Try Dameon at East Tennessee K-9, he's a K-9 trainer and a very nice person. He may have suggestions for you.

Perhaps you would be better off setting up a Go Fund Me page and raise the money to buy a trained dog. Dameon won't rip you off if you end up buying from him.


----------



## RZZNSTR (Jan 24, 2015)

I would have your agency contact CBP Canine Enforcement Training Center in Front Royal VA. They may be able to hook you up with acquiring a dog suitable for narcotics detection along with training or at least refer you to someone that can help! It's been a long time since I've been there in a training mode but that's where I'd start. There have been some superstar dogs that come out of there. I always said my dog could find dope in an empty parking lot! Good luck!


----------



## lhczth (Apr 5, 2000)

I don't know if Dave does this sort of stuff, but he might be able to recommend someone who would. 
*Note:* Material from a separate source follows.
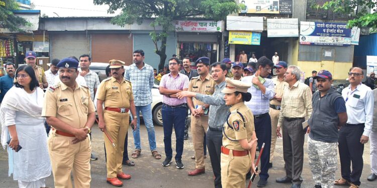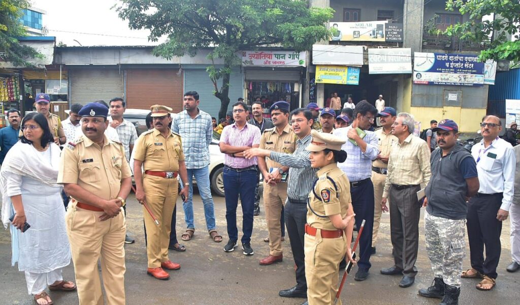 जिल्हाधिकारी कीर्ती किरण पुजार व पोलीस अधीक्षक श्रीमती शफकत आमना यांनी आज धाराशिव शहरातील गणेश स्थापना व विसर्जन मार्गाची पाहणी केली. गणेश मूर्त्यांचे विसर्जन करण्यात येणाऱ्या हातलाई देवी मंदिर परिसरातील तलाव व समता चौकातील सार्वजनिक विहिरीला भेट देऊन पाहणी केली.यावेळी उपविभागीय अधिकारी ओंकार देशमुख, पोलीस उपअधीक्षक सुरेशकुमार राऊत, तहसीलदार डॉ.मृणाल जाधव,पोलीस निरीक्षक कुमार दराडे व संबंधित विभागाचे अधिकारी-कर्मचारी उपस्थित होते.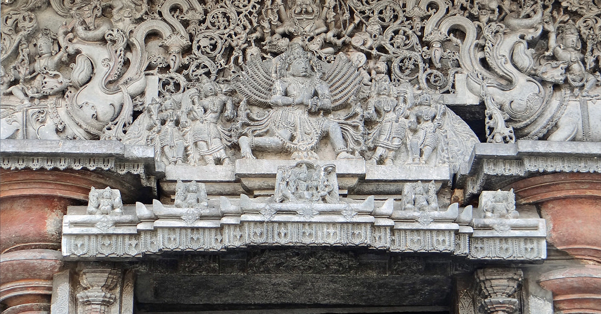 Bas relief of Garuda on the top of a door in Chennakesava Temple in Belur. It was built during the reign of the Hoysalas (1026 CE – 1343 CE).

Dave Kroyer | Handling, training and coaching in the areas of Schutzhund/IPO, Ring Sport, Police K9, AKC Obedience, Nosework, Agility, SAR, and AKC Tracking


----------



## Jax08 (Feb 13, 2009)

I would contact Dave first like Lisa recommends.


----------



## cliffson1 (Sep 2, 2006)

I don't think imprinting as puppy is big thing as majority of Drug detection dogs have not been imprinted....having said that; I think you have to acquire a good dog and top training to invest in a Drug detection dog for the streets. These dogs constitute a search warrant or probable cause in many situations and are subject to scrutiny and calibration by savvy defense lawyers. 
I would talk to Dave also to point you in right direction. Slamdunc or Ladylaw could also, but I think Dave is familiar with Texas law and requisites.


----------



## deacon (Sep 5, 2011)

Don't rule out going to the pound! 75% of the drug dogs I trained over the course of 38 years came from the pound, in fact one I am starting next month is from one, a 3 y/o male chocolate lab who will hunt and chase the Kong all day long. Most had too much energy and drive for the common household. Yes you must deal with the unknown prior to obtaining him, but if you are cash strapped don't rule it out. You will need to have someone experienced in what to look for. 


Go to Lackland s site as well. As a former MWD handler I can tell you from experience they have some good prospects as well. Once again you will need to take an experienced person with you.


In addition look in the pet section of several newspapers. I have found several prospects there as well.


Once you locate a prospect it is important to immediately get a complete physical done on him.


----------